**DATA EXTRACT**
━━━━━━

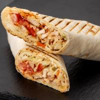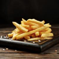 Mięso, frytki, surówka firmowa, ogórek, pomidor, sos.
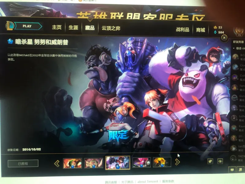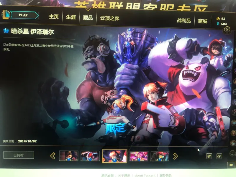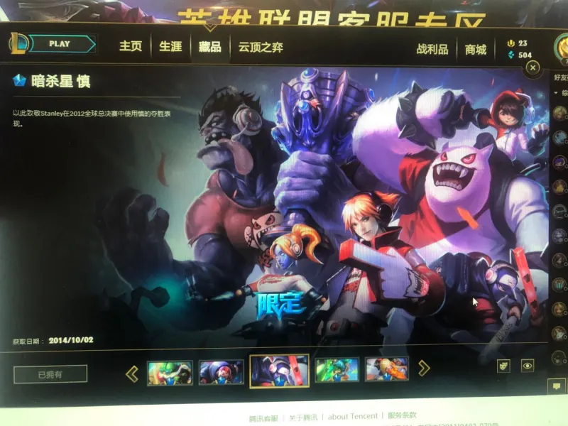 当时有活动送卡萨丁皮肤,现在没了,我只好重新买了一个。。
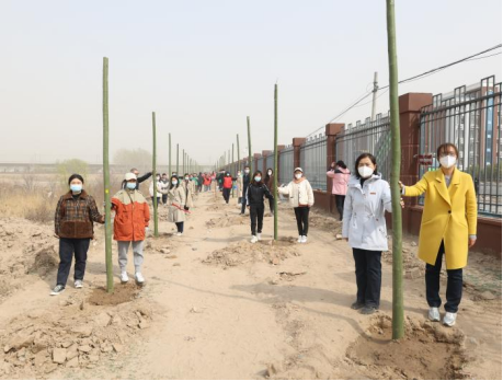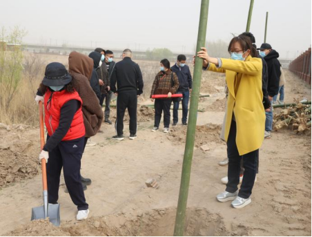 春风拂绿,植树现场一派热火朝天的劳动景象,党员干部们热情高涨、干劲十足,在党总支书记马春燕和经理张虎的带领下,大家来到植树点,三五成组,分工协作,一起挥锹铲土、运苗栽植、填坑夯苗、提桶浇水,每道工序都认真细致、一丝不苟,各环节都衔接有序、相互配合。在大家的共同努力下,一棵棵树苗顺利“安家落户”,迎风挺立, 每两人认领一颗树,寓意与树一同成长,并制作专属卡片挂在树上。马春燕强调,各位党员教师要以身作则、真抓实干、敢于担当,务实功、出实招、求实效,充分发挥党员先锋模范带头作用。

━━━━━━

**WHAT YOU NEED TO DO**
Wherever a picture appears in the material above, skip it and copy the rest without change.

**TASK SOLUTION**
 Mięso, frytki, surówka firmowa, ogórek, pomidor, sos.
 当时有活动送卡萨丁皮肤,现在没了,我只好重新买了一个。。
 春风拂绿,植树现场一派热火朝天的劳动景象,党员干部们热情高涨、干劲十足,在党总支书记马春燕和经理张虎的带领下,大家来到植树点,三五成组,分工协作,一起挥锹铲土、运苗栽植、填坑夯苗、提桶浇水,每道工序都认真细致、一丝不苟,各环节都衔接有序、相互配合。在大家的共同努力下,一棵棵树苗顺利“安家落户”,迎风挺立, 每两人认领一颗树,寓意与树一同成长,并制作专属卡片挂在树上。马春燕强调,各位党员教师要以身作则、真抓实干、敢于担当,务实功、出实招、求实效,充分发挥党员先锋模范带头作用。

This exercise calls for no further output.